Leaving out all pictures, return exactly the lines from the one that contains "ホテルの目の前で、とても使いやすくて リーズナブルです たまには雑魚寝もいいものです" through the end of the data below.
----- Available data -----
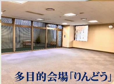
多目的会場「りんどう」

ホテルの目の前で、とても使いやすくて リーズナブルです たまには雑魚寝もいいものです 幼稚園お泊り会・学童クラブ・お仲間同士
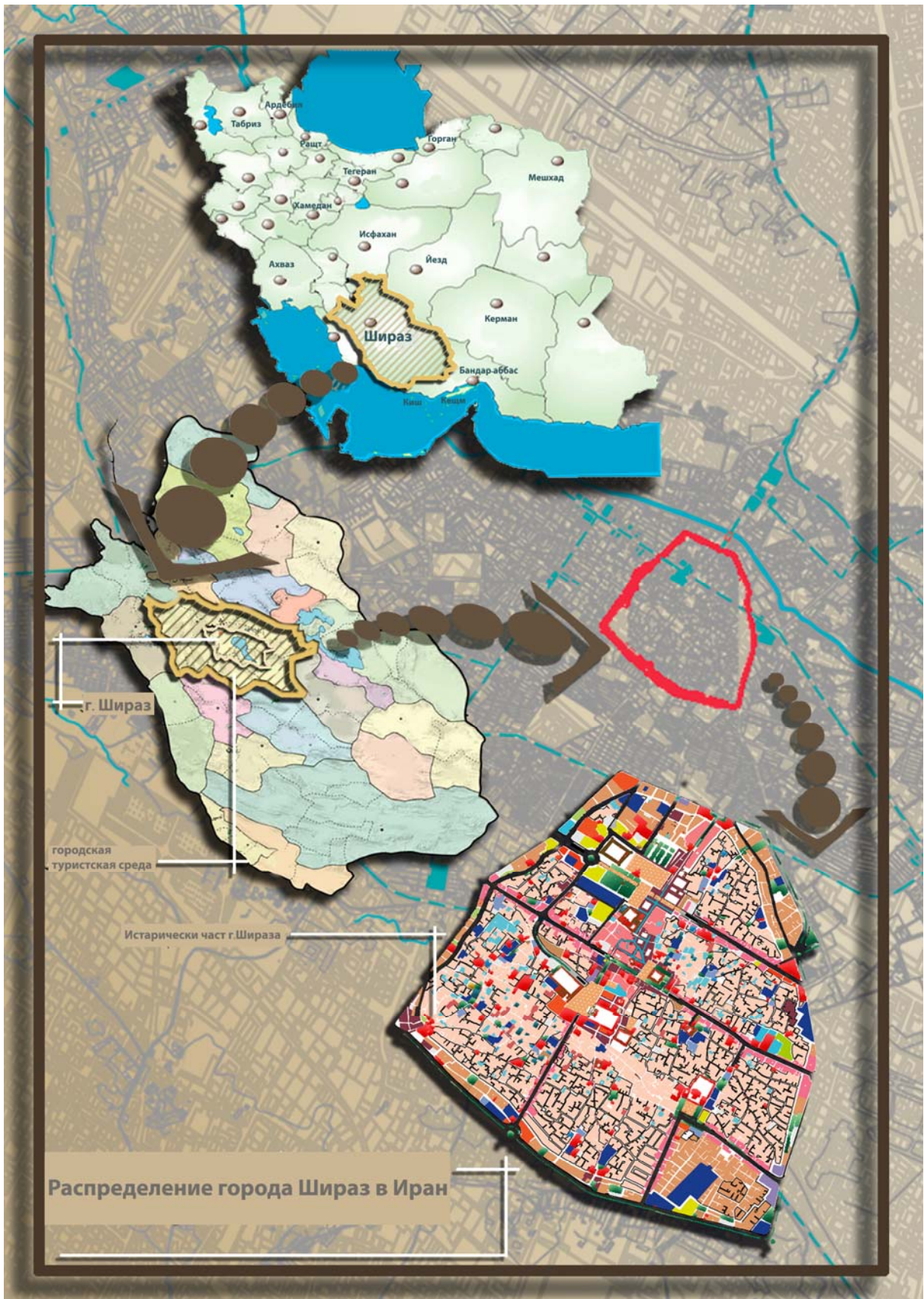
Рис. 6. Схема 3. Связь Шираза с другими памятными местами Ирана
-----
[Result of this task]:
ホテルの目の前で、とても使いやすくて リーズナブルです たまには雑魚寝もいいものです 幼稚園お泊り会・学童クラブ・お仲間同士
Рис. 6. Схема 3. Связь Шираза с другими памятными местами Ирана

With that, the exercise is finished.